Squinting, I tried to work out where the sound was coming from as the voices grew louder and clearer. I was in the glass-paneled former sunroom, so it was possible that one of the windows was open and the arguing men were outside.
“You promised me two eliminations tonight, Taipanus,” the first man snapped, and my eyes widened further at the familiar voice. King Titus? “What in Zryn's name happened? I gave you free rein with your little poison bottle; how bloody hard is it?”
“Sire,” the slippery spymaster replied. “I did have two glasses poisoned. Both of the girls that failed today's history test were to be given them.”
“Oh? Well the mouthy blonde still looked pretty damn alive when she walked herself out of the dining hall tonight. How do you explain that, Taipanus?” The king sounded like a serious piece of work, and if I'd had even half my usual strength, I would have been sorely tempted to march out there and confront him, royalty or not.
“Your servers must have messed up somehow”—Taipanus sniffed— “because my poison is infallible. No one can survive its touch.”
“Yes, well. We have bigger issues to deal with, and I'm growing concerned that we left these infernal trials until too late. What is the news from the border towns?” The two of them moved somewhat, and suddenly I could make them out through one of the windows. I assume
d they’d chosen this location to speak because of what Lee had told me when he first brought me to the sanctuary—people thought it was haunted, so everyone steered clear. What better place to discuss confidential information?

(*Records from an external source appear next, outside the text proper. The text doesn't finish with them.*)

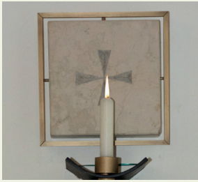
Neues Apostelkreuz „Maria Magdalena“ in der Pfarrkirche Allerheiligen © Gernot Schwendinger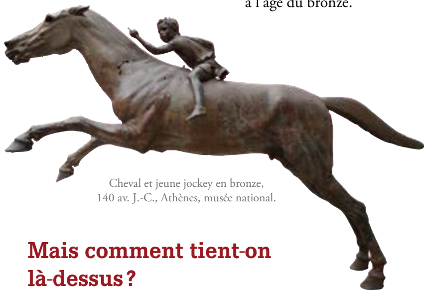
Cheval et jeune jockey en bronze, 140 av. J.-C., Athènes, musée national.

Le débat n'est pas clos, mais il est certain que cela n'a pu se faire sans le développement des technologies nécessaires, à l'âge du bronze.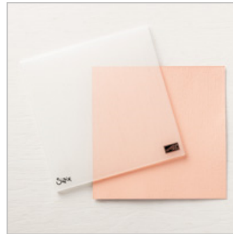
Subtle Dynamic Textured Impressions Embossing Folder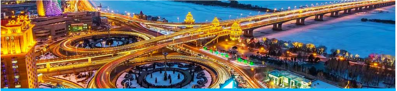
นครฮาร์บิน

Taipanus shifted, looking uncomfortable in a way that I hadn't realized the Snake was capable of. “News is not good, sire. We have been restricting the flow of information to the people, but some things slip through. So far, all the common folk know is that people have been disappearing from towns. They think that it's an act of war, that one of our neighboring kingdoms is plotting an attack and thinning our lines of defense.”

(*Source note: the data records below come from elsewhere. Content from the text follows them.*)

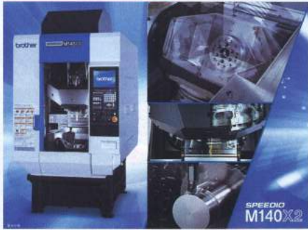
工程集約マシン SPEEDIO M140X2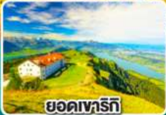
ยอดเขารัทท์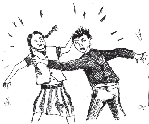
KOHA PRIIDU TSEHKENDÜS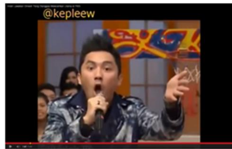
Omesh menirukan gaya Mamah Dedeh

King Titus grunted and scratched his beard. “So, no one knows what is really happening?”
“No, sire.” Taipanus shook his head. “Only a select few know that the people haven't been disappearing, they've been changing. Such information would cause widespread hysteria that we can't afford.”
“Agreed.” King Titus sighed heavily. “Tell your men to do their best to eradicate these creatures. Burn entire towns to the ground if that's what it takes. We need to get through these trials. By the end, either we will have killed the little princess, or we will have her completely under our control.” He paused, and if I could have spoken, I would have been yelling obscenities and exclamations. “How is that potion going, by the way?”
Taipanus stroked his moustache like some sort of fictional villain. “Ah yes, it's coming along beautifully. Are you still quite certain you wish to make your son a vacant shell, too? We could just use it on his wife after the coronation and use her as our puppet.”
“I'm sure,” King Titus snapped. “I didn't go to all the effort of stealing this throne only to let my foolish, bleeding-heart children reap the benefits.”
Taipanus laughed then, a horrid, hacking noise that made me want to plug my ears. “As you wish, my king.”
They moved away from the window then, and the rest of their conversation was lost to me. Not that I could have listened any longer if I'd tried. The sticky, warm trickle of liquid down my neck combined with the sudden absence of noise suggested my ears were now bleeding too.